Это верно: все действующие лица данной истории убраны на небеса. Есть даже лишние. Все ниточки оборваны. Зачистка прошла по всем законам военного времени. Вопрос: что делать в таком безобразном случае?
И не успел ответить. Прибыл генерал Орехов. Со звуковой сиреной. И с ротой автоматчиков. Что мне нравится в нем, так это умение пугать колхозную идиллию и милицейский командирский состав. Майор Бяхин, как гид, заученно повторил и показал экспозицию. Экскурсант надувал щеки:
— Так-так. Интересно. Очень интересно.
Осмотром места происшествия и отношением к своей персоне генерал остался довольным. Приблизившись ко мне, изрек:
— Слава Богу! Порешили друг дружку. Получил, гад, свое.

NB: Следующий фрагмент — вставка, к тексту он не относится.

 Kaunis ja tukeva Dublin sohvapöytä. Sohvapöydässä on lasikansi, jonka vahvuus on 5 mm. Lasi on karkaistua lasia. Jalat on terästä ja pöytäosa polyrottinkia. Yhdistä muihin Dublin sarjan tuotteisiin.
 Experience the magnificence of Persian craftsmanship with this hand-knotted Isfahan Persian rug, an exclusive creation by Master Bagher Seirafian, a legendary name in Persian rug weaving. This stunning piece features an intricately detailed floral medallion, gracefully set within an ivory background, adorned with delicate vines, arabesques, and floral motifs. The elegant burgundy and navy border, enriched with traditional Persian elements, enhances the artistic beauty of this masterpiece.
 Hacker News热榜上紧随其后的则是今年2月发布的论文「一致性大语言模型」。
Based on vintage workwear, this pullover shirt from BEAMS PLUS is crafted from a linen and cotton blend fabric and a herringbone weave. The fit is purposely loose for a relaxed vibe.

— Гад — кто у нас? — спросил я.
— Маслов, — с убеждением ответил мой приятель. — Больше некому. Он организатор, все он.
— Орехов, — обиделся я. — У тебя все так просто, как сделать пук в лужу.
— А у тебя сложно, как навалить кучу в пустыне, — огрызнулся.

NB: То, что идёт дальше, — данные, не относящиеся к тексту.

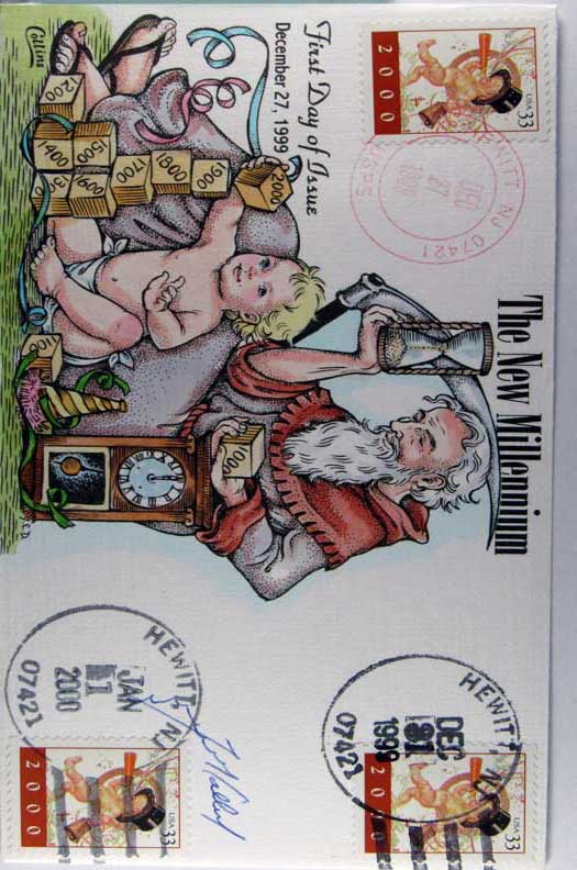Lot #762. View Larger | Rotate Hand-Painted First Day Cover by Collins, New Year, “The New Millennium”, 2000 VF
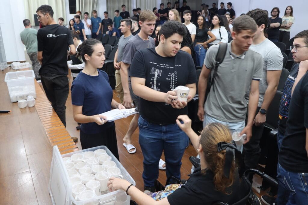 Na sequência, a participação da Comissão UTFPR Sustentável. Como parte da sensibilização sobre a gestão de resíduos, foram entregues canecas oficiais aos calouros, reforçando a campanha Copo Zero. A iniciativa visa eliminar o uso de copos descartáveis no campus, incentivando hábitos de consumo consciente desde o primeiro dia de aula.
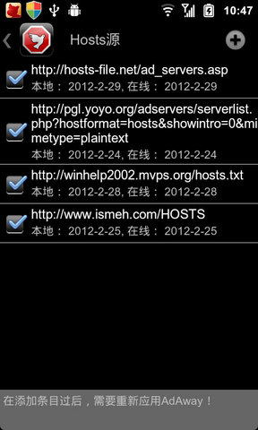 廣告快走開(AdAway)是一個開源的Android平臺手機軟件廣告攔截工具,通過修改手機的HOSTS文件來達到有效攔截的功能。是Android平臺上攔截廣告的利器!有點像瀏覽器上得adblock應(yīng)用一樣,通過下載開源的列表來進行屏蔽軟件的廣告的功能。AdAway對于常規(guī)軟件廣告完全可以攔截下來,不過目前很多軟件都做成了廣告墻,需要積分就能去除,這類的廣告用它還是沒辦法攔截的。
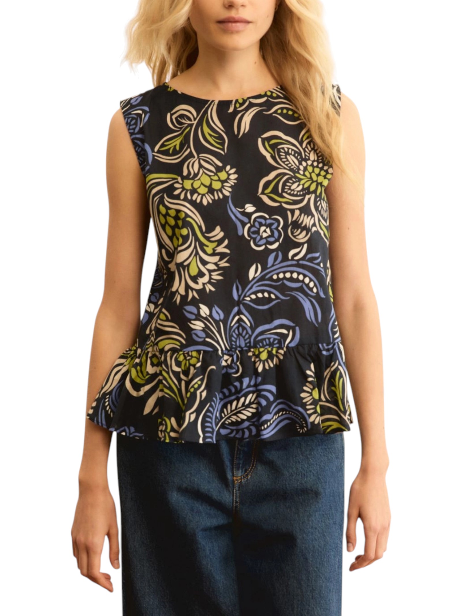 Top smanicato con balza emmombrina

Мы использовали более гастрономические термины, однако во имя нашей непорочной словесности, даю перевод.
Я попытался объяснить свои ощущения, да генерал слушать не желал и властью данной ему, списал дело в архив. А я могу, сказал он, отправляться к чертовой матери, точнее на работу, чтобы заняться прямыми своими обязанностями — охранять государственные интересы в области новейших оружейных технологий.
Генерал находился в возбужденном состоянии, будто по возвращению на Лубянку ему обещали дать медаль. Или орден. Понятно, он видел в экспозиции то, что хотел видеть. Но я тоже видел то, что хотел. Кто-то из нас обманывался. Кто именно?

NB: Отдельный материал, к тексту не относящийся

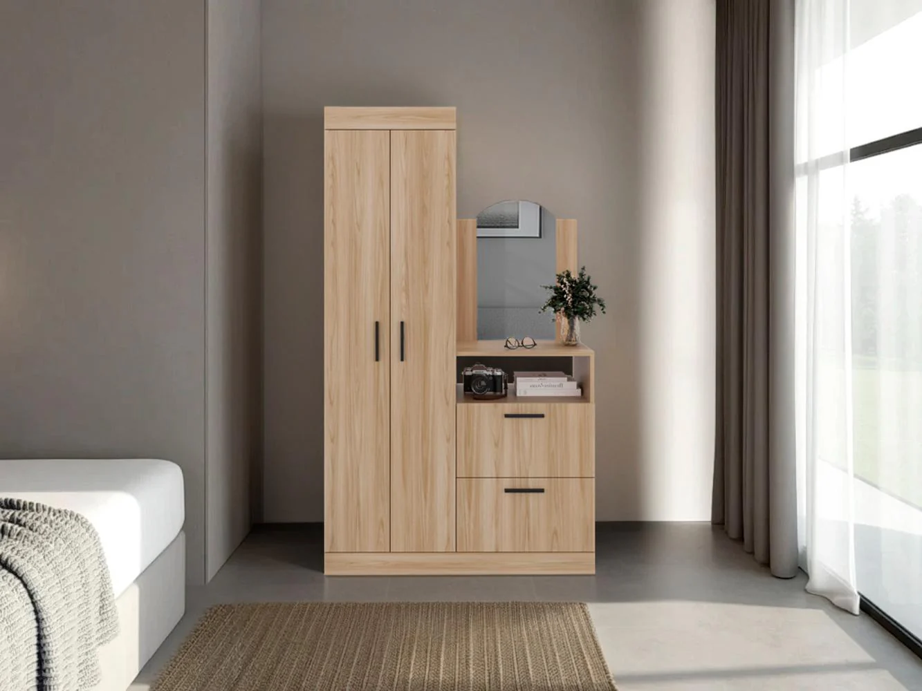 Closet, moderno moderno y unico, 3 puertas abatibles, colgador para ropa, 1 cajón e incluye espejo.
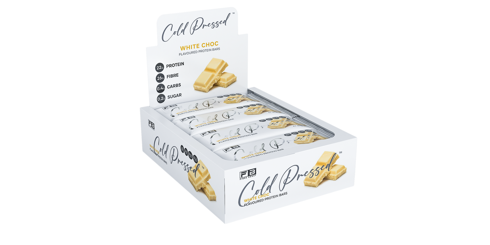Fibre Boost Cold Pressed White Choc flavoured Protein Bar
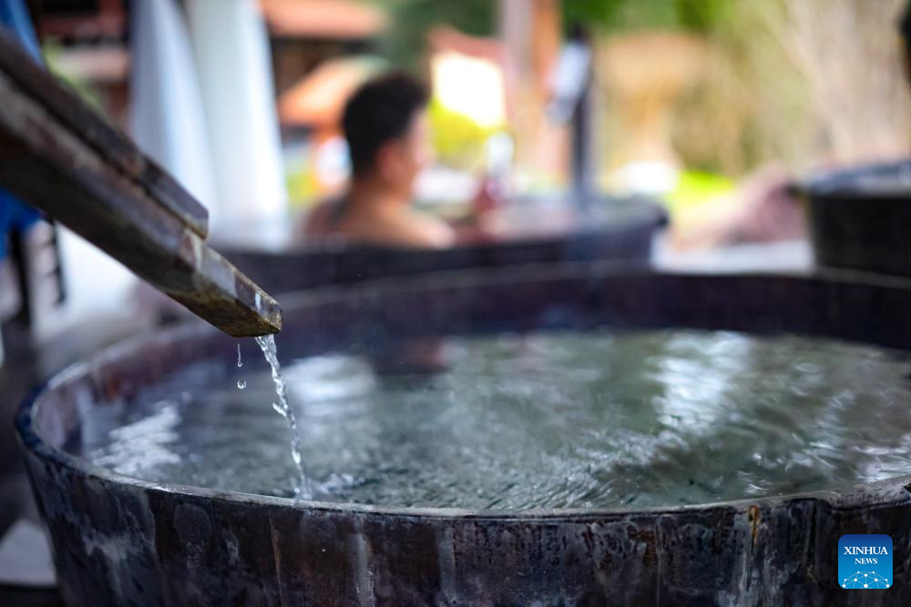 A tourist enjoys leisure time at a hot spring resort in Shiqian County, southwest China's Guizhou Province, Jan. 27, 2026. By integrating its rich hot spring resources with tourism, healthcare, and intangible cultural heritage, Shiqian county has boosted local tourism and created employment opportunities, making it an important driving force of rural revitalization. (Xinhua/Liu Xu)
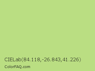 CIELab 84.118,-26.843,41.226 Color is a light green color and the nearest color is Yellow Green #c5e17a. Hex code #bade82 and RGB value is rgb(186,222,130). In RGB color space, this color is composed of 73% red, 87% green, 51% blue, In CMYK color space, this color is composed of 16% cyan, 0% magenta, 41% yellow , 13% black , In HSL color space, this color has a hue angle of 83° , 58% saturation and 69% lightness.
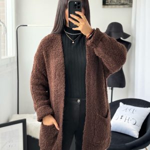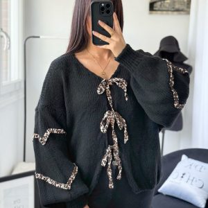 Gilet Mi-Long Laine à Nouer Noir Léopard

Или, возможно, на Орехова плохо влиял неэстетический вид трупов, над которыми начинали свою трудолюбивую, ассенизаторскую работу мухи, жучки и паучки.
— Эй, майор Бляхин!
— Бяхин, товарищ генерал!
— Покройте все это безобразие!
— Есть!
— И выполняйте свои оперативные обязательства. В полном, понимаешь, объеме.
— Есть!
Ладно, генерал, сказал я. Себе. Я не майор, потрусивший с подчиненными на поиски тряпок. Я — другой, надеюсь. Не люблю, когда есть вопросы. А ответов нет. Любопытен без меры. Это мой единственный недостаток. Если все остальное, считать достоинством.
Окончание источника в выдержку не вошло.